I agree with Jags that 500 is on the low side.  At 500, the chimney still smokes.  

This is the first I've heard of the 600.  The manual advises against overfiring.  "If heater or chimney connector glows, you are overfiring." (page 4 of the manual)

I'm usually between 550 and 700, and it's easy to level out there.  No glowing at those temps.


----------



## oldspark (Dec 7, 2011)

I will have to look toninght but I am pretty sure I do not get smoke at even 400.


----------



## northwinds (Dec 7, 2011)

I need to reload now.  I'll then go outside and do some chimney staring.


----------



## oldspark (Dec 7, 2011)

Just went out and looked and some where around 400 to 450 stove top the chimney quit smoking and just had heat waves, I know these stoves are different in construction but I think 400 would be on the low side of good secondaries unless your stove a lot different than mine. This was with some silver maple and elm, I was surprised at the low amount of somoke at 300 stove top, the secondaries were firing good with the primary air wide open but wont do that as much with oak and white ash. Its amazing the different observations we have with all the variances of these stoves and chimneys.
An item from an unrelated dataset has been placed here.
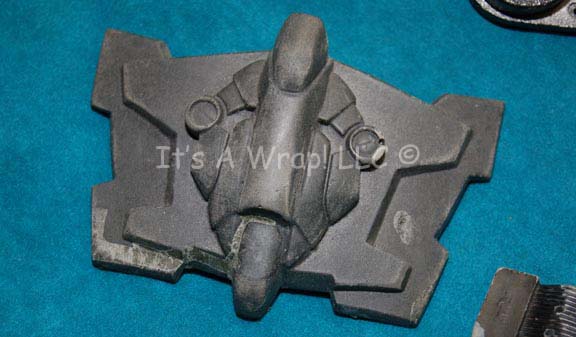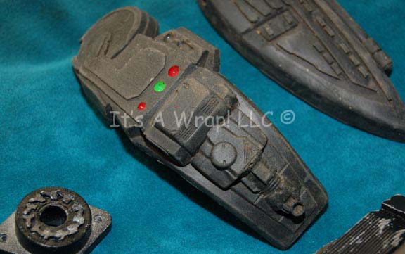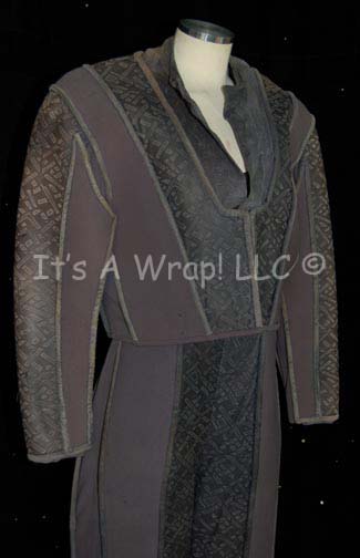 Description: A costume featured in various episodes of Star Trek: Deep Space Nine for wear by Jem’Hadar soldiers. This costume consists of a sleeveless, full-length, jumpsuit with the top half a black, spandex-like material, the bottom being neoprene over a gray fabric featuring a starburst pattern down the middle and stirrups for the feet. A distressed jacket matching the lower-half of the jumpsuit, and faux suede around the collar, multiple loose costume accents with rubber, resin, or metal components and some with Velcro placements. Multiple sewn in tags denote wear by multiple users.

I still can not get the top end that most do.


----------



## northwinds (Dec 7, 2011)

I reloaded with a mix of oak, elm, and hickory.  At 525, smoke was greatly diminished, but I could still see a bit of gray smoke
against the gray sky.  At 550, I shut the air to half-closed, and no smoke whatsoever.  At 625, I went to almost closed and it 
just leveled off at 650--heat waves.  

I agree about variation in stoves and chimneys and wood.  There are general similarities, but everybody has to find their own 
sweet spot.  

If my memory is correct, the OP in this thread was experiencing the high temps even after putting on a pipe damper and with the
primary air totally closed.  If it's not draft, it has to be a leak somewhere.  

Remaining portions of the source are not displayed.